■ Exercise aim: After finding the line with "始终火热的就业市场和颇具粘性" in the entries below, retype exactly each line from there through the line with "Kate Bishop heads", including that final line.

■ Data supplied:
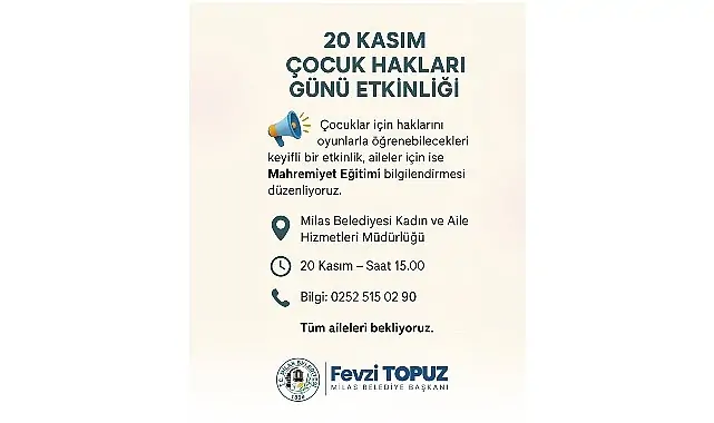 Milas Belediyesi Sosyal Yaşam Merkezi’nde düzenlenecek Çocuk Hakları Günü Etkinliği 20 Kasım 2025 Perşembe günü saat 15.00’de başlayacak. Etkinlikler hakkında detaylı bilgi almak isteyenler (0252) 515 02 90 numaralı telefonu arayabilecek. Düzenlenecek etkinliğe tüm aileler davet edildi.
...
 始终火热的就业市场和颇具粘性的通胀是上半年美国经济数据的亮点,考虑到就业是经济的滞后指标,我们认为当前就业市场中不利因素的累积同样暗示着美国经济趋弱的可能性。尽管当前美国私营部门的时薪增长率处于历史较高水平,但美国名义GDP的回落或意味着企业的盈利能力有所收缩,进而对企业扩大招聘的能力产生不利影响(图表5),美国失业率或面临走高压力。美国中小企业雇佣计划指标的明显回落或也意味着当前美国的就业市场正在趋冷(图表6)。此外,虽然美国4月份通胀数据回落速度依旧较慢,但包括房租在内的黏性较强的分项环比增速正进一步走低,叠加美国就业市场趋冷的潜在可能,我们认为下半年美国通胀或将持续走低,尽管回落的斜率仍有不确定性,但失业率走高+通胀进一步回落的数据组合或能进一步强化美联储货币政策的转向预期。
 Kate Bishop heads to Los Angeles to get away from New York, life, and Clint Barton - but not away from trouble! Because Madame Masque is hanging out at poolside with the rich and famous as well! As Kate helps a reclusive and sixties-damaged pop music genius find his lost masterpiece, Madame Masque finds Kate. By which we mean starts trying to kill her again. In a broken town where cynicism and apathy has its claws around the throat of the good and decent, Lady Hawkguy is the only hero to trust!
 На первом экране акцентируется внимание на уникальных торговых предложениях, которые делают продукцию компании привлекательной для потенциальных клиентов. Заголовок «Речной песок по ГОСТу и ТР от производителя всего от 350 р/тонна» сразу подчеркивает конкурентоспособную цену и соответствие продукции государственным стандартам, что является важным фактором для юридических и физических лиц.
* * *
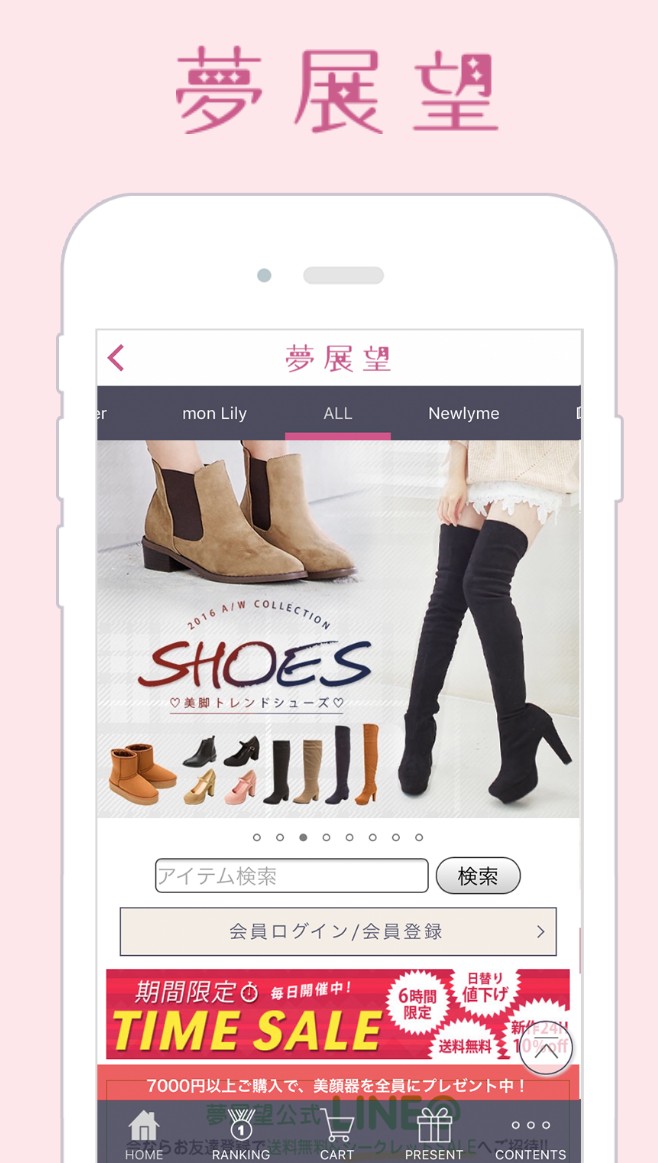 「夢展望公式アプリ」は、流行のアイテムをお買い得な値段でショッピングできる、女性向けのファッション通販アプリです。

■ Response to this exercise:
 始终火热的就业市场和颇具粘性的通胀是上半年美国经济数据的亮点,考虑到就业是经济的滞后指标,我们认为当前就业市场中不利因素的累积同样暗示着美国经济趋弱的可能性。尽管当前美国私营部门的时薪增长率处于历史较高水平,但美国名义GDP的回落或意味着企业的盈利能力有所收缩,进而对企业扩大招聘的能力产生不利影响(图表5),美国失业率或面临走高压力。美国中小企业雇佣计划指标的明显回落或也意味着当前美国的就业市场正在趋冷(图表6)。此外,虽然美国4月份通胀数据回落速度依旧较慢,但包括房租在内的黏性较强的分项环比增速正进一步走低,叠加美国就业市场趋冷的潜在可能,我们认为下半年美国通胀或将持续走低,尽管回落的斜率仍有不确定性,但失业率走高+通胀进一步回落的数据组合或能进一步强化美联储货币政策的转向预期。
 Kate Bishop heads to Los Angeles to get away from New York, life, and Clint Barton - but not away from trouble! Because Madame Masque is hanging out at poolside with the rich and famous as well! As Kate helps a reclusive and sixties-damaged pop music genius find his lost masterpiece, Madame Masque finds Kate. By which we mean starts trying to kill her again. In a broken town where cynicism and apathy has its claws around the throat of the good and decent, Lady Hawkguy is the only hero to trust!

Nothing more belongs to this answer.